* Activity: What you return should be the lines from the one with "Con cannuccia flessibile, tappo" through the one with "Designed for gathering, playing, and" in the data below, reproduced exactly with both ends, and no pictures at all.

START Given records

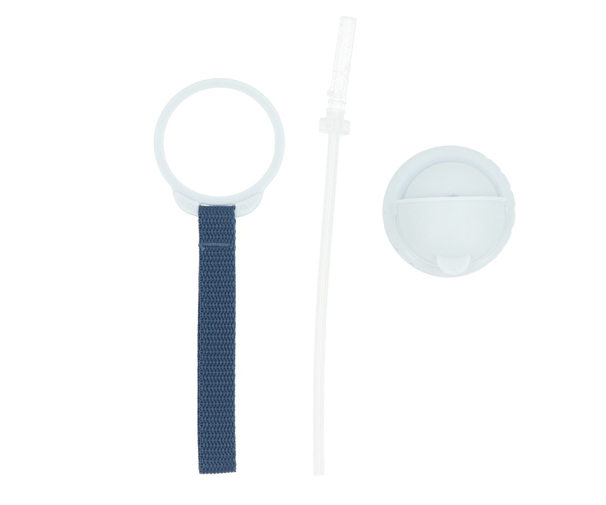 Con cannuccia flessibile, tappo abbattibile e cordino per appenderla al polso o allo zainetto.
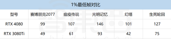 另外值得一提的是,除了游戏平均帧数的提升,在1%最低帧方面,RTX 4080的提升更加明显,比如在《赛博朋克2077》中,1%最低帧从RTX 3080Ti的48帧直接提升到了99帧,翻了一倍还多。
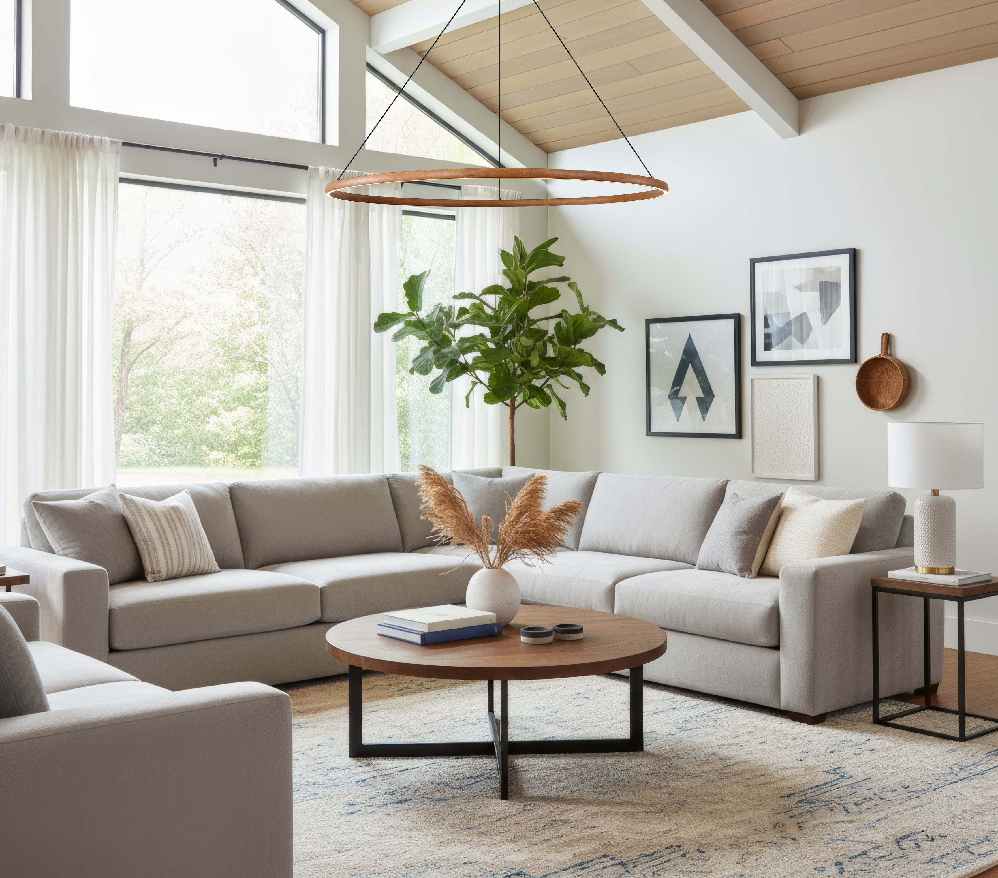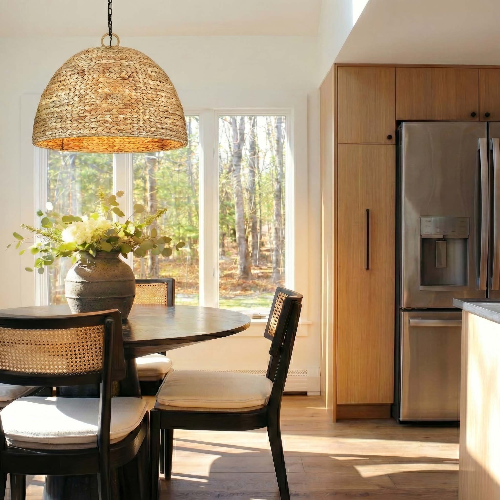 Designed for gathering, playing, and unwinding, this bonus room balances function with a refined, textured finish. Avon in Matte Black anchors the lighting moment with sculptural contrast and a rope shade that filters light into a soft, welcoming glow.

END Given records
START Given records

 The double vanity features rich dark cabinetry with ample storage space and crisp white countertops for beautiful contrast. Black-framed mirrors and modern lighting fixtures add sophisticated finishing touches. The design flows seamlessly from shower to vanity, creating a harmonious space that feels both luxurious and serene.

END Given records

* Task output:
 Con cannuccia flessibile, tappo abbattibile e cordino per appenderla al polso o allo zainetto.
 另外值得一提的是,除了游戏平均帧数的提升,在1%最低帧方面,RTX 4080的提升更加明显,比如在《赛博朋克2077》中,1%最低帧从RTX 3080Ti的48帧直接提升到了99帧,翻了一倍还多。
 Designed for gathering, playing, and unwinding, this bonus room balances function with a refined, textured finish. Avon in Matte Black anchors the lighting moment with sculptural contrast and a rope shade that filters light into a soft, welcoming glow.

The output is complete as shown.